Problem: The required result is an exact copy of every line from the one with "金龙献瑞,绿柳迎春;七十芳华" through the last line below, with the pictures left out.

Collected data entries
==============================
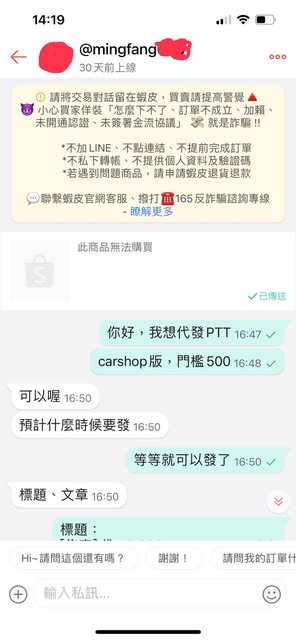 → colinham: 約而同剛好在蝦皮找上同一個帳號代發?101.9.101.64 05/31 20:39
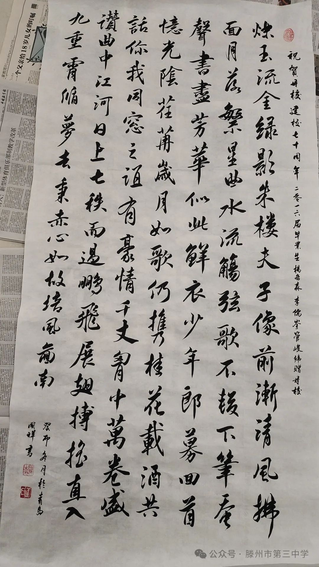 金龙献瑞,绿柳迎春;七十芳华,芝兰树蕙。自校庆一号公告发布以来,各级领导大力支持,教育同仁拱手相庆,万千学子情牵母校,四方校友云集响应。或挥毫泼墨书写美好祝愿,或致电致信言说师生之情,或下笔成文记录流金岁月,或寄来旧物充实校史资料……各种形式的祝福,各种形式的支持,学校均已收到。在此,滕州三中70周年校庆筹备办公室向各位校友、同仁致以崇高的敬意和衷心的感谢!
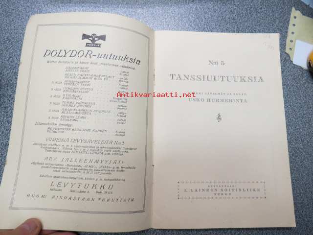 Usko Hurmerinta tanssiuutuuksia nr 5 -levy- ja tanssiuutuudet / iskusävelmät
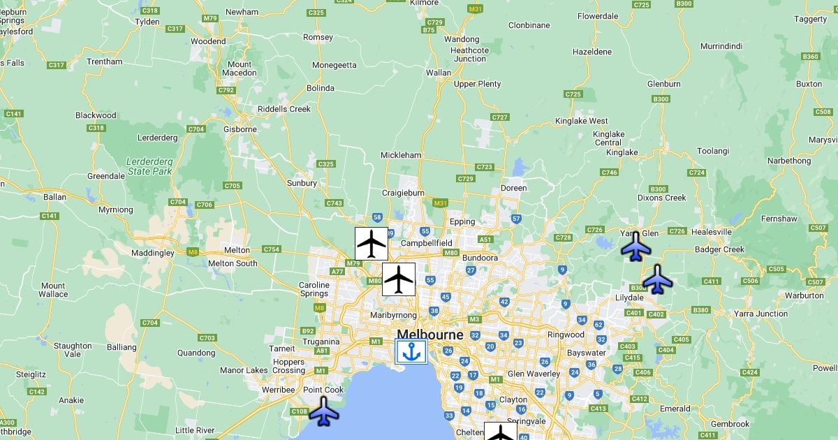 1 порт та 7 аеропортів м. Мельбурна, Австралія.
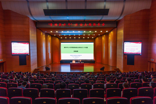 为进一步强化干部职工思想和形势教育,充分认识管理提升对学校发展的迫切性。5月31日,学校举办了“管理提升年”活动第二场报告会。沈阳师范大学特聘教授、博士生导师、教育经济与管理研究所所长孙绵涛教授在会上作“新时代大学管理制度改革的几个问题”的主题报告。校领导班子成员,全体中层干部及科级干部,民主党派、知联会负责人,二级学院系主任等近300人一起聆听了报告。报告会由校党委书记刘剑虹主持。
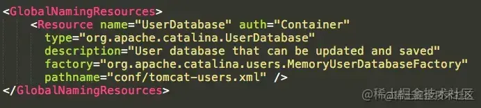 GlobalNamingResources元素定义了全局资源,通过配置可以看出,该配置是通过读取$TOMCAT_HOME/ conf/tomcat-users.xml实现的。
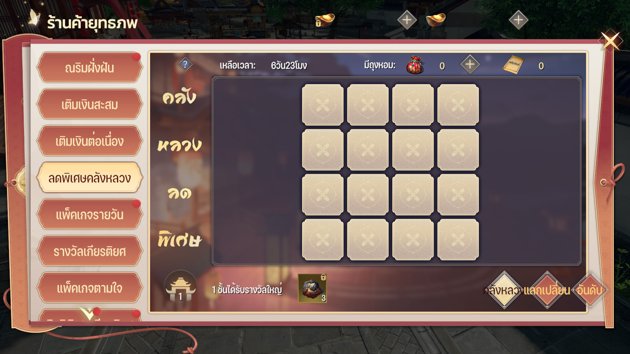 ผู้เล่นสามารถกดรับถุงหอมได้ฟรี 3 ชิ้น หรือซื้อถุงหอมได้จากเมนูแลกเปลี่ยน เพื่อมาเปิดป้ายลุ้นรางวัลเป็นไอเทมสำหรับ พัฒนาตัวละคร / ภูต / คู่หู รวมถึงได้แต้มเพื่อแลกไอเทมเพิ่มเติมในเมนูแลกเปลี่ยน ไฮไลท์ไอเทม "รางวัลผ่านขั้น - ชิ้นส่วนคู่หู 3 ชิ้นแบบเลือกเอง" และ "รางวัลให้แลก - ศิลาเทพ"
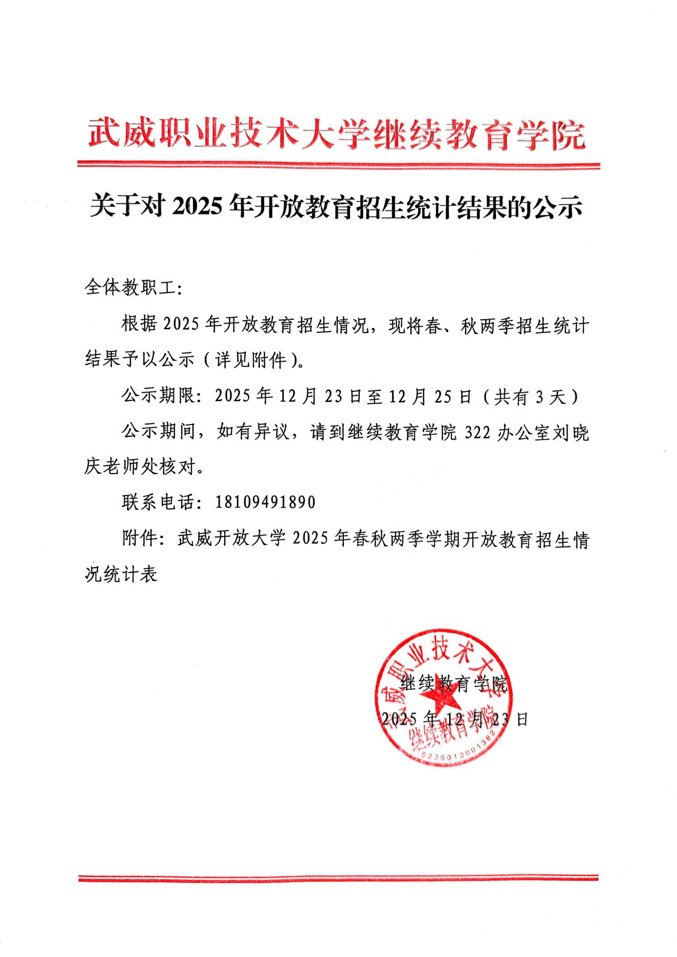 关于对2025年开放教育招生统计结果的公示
==============================
Final answer:
 金龙献瑞,绿柳迎春;七十芳华,芝兰树蕙。自校庆一号公告发布以来,各级领导大力支持,教育同仁拱手相庆,万千学子情牵母校,四方校友云集响应。或挥毫泼墨书写美好祝愿,或致电致信言说师生之情,或下笔成文记录流金岁月,或寄来旧物充实校史资料……各种形式的祝福,各种形式的支持,学校均已收到。在此,滕州三中70周年校庆筹备办公室向各位校友、同仁致以崇高的敬意和衷心的感谢!
 Usko Hurmerinta tanssiuutuuksia nr 5 -levy- ja tanssiuutuudet / iskusävelmät
 1 порт та 7 аеропортів м. Мельбурна, Австралія.
 为进一步强化干部职工思想和形势教育,充分认识管理提升对学校发展的迫切性。5月31日,学校举办了“管理提升年”活动第二场报告会。沈阳师范大学特聘教授、博士生导师、教育经济与管理研究所所长孙绵涛教授在会上作“新时代大学管理制度改革的几个问题”的主题报告。校领导班子成员,全体中层干部及科级干部,民主党派、知联会负责人,二级学院系主任等近300人一起聆听了报告。报告会由校党委书记刘剑虹主持。
 GlobalNamingResources元素定义了全局资源,通过配置可以看出,该配置是通过读取$TOMCAT_HOME/ conf/tomcat-users.xml实现的。
 ผู้เล่นสามารถกดรับถุงหอมได้ฟรี 3 ชิ้น หรือซื้อถุงหอมได้จากเมนูแลกเปลี่ยน เพื่อมาเปิดป้ายลุ้นรางวัลเป็นไอเทมสำหรับ พัฒนาตัวละคร / ภูต / คู่หู รวมถึงได้แต้มเพื่อแลกไอเทมเพิ่มเติมในเมนูแลกเปลี่ยน ไฮไลท์ไอเทม "รางวัลผ่านขั้น - ชิ้นส่วนคู่หู 3 ชิ้นแบบเลือกเอง" และ "รางวัลให้แลก - ศิลาเทพ"
 关于对2025年开放教育招生统计结果的公示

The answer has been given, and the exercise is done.